Als Beispiel nehme ich tutorials.de (damit hatte ich noch nie Probleme):

Wenn ich http://www.tutorials.de eintippe, bleibt die Seite weiss. In der Titelzeile des Browsers, wo eigentlich der Name der Seite stehen müsste (also hier tutorials.de etc.) steht dann (Gif-Grafik, 1x1 Pixel). Steuere ich aber ein Unterforum (also zum Beispiel http://www.tutorials.de/forum/news) direkt an, dann erscheint die Seite so wie sie sollte. Klicke ich dann dort auf home, kommt wieder die leere Seite.

Weiss jemand woran das liegen könnte? Ich hab schon verschiedenstes ausprobiert, Adblock deaktiviert, Firewall deaktiviert, KIS deaktiviert etc...genutzt hat nichts...

Vielen Dank im Voraus!
gruss


----------



## airliner (28. September 2008)

schonmal versucht den FF neu zu installieren?


----------



## tittli (29. September 2008)

Hallo
Nein, FF neu installiert hab ich noch nicht...eigentlich weil es mit dem IE und dem Opera auch nicht geht, da wirds kaum daran liegen.
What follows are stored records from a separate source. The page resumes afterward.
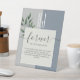 Elegante, moderno, sencillo, botánico, boda azul polvoriento símbolo de la mesa Memorial, con iniciales gigantes en monograma y verde acuarela.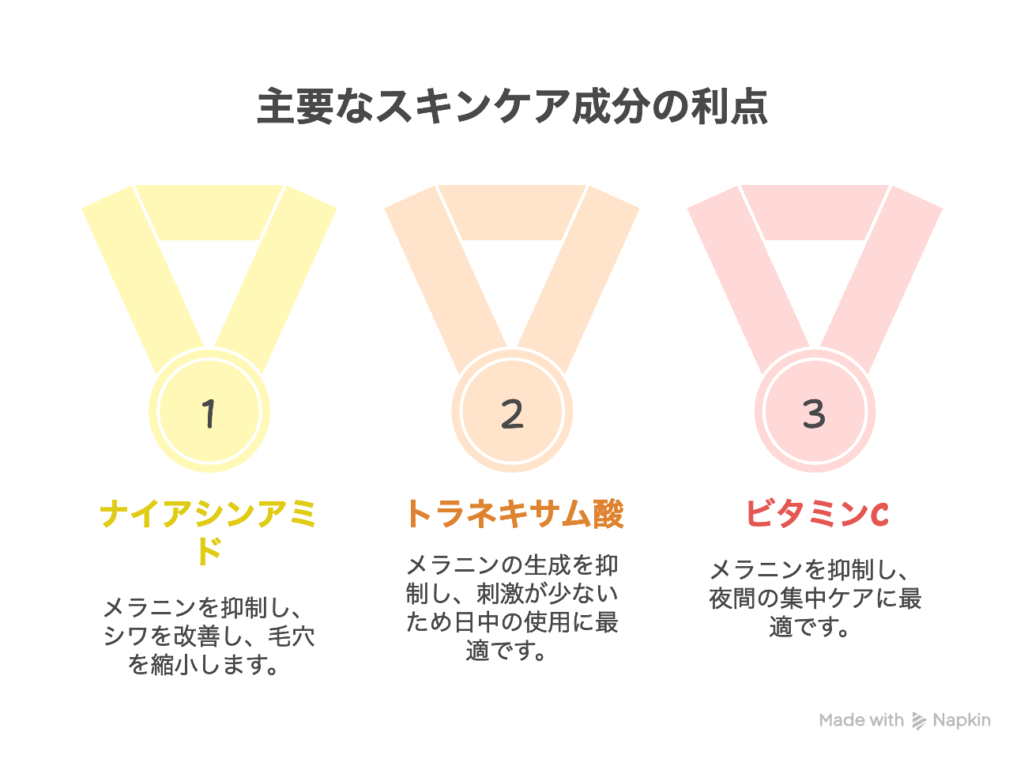 - トラネキサム酸:刺激が少なく日中も安心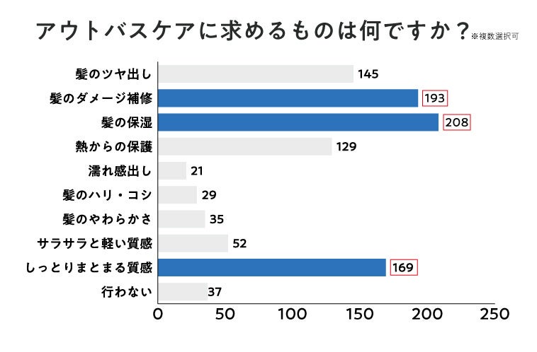 - アウトバスヘアケアに求めるものは保湿とダメージ補修

Werde es aber gleich versuchen!

gruss


----------



## airliner (29. September 2008)

Sonst musst mal in den Internetverbindungseinstellungen nachschauen. Unter Start --> Systemsteuerung --> Internetoptionen, ob da Einträge drin sind, die behindern können.
Und bitte auch mal in den Routereinstellungen.


----------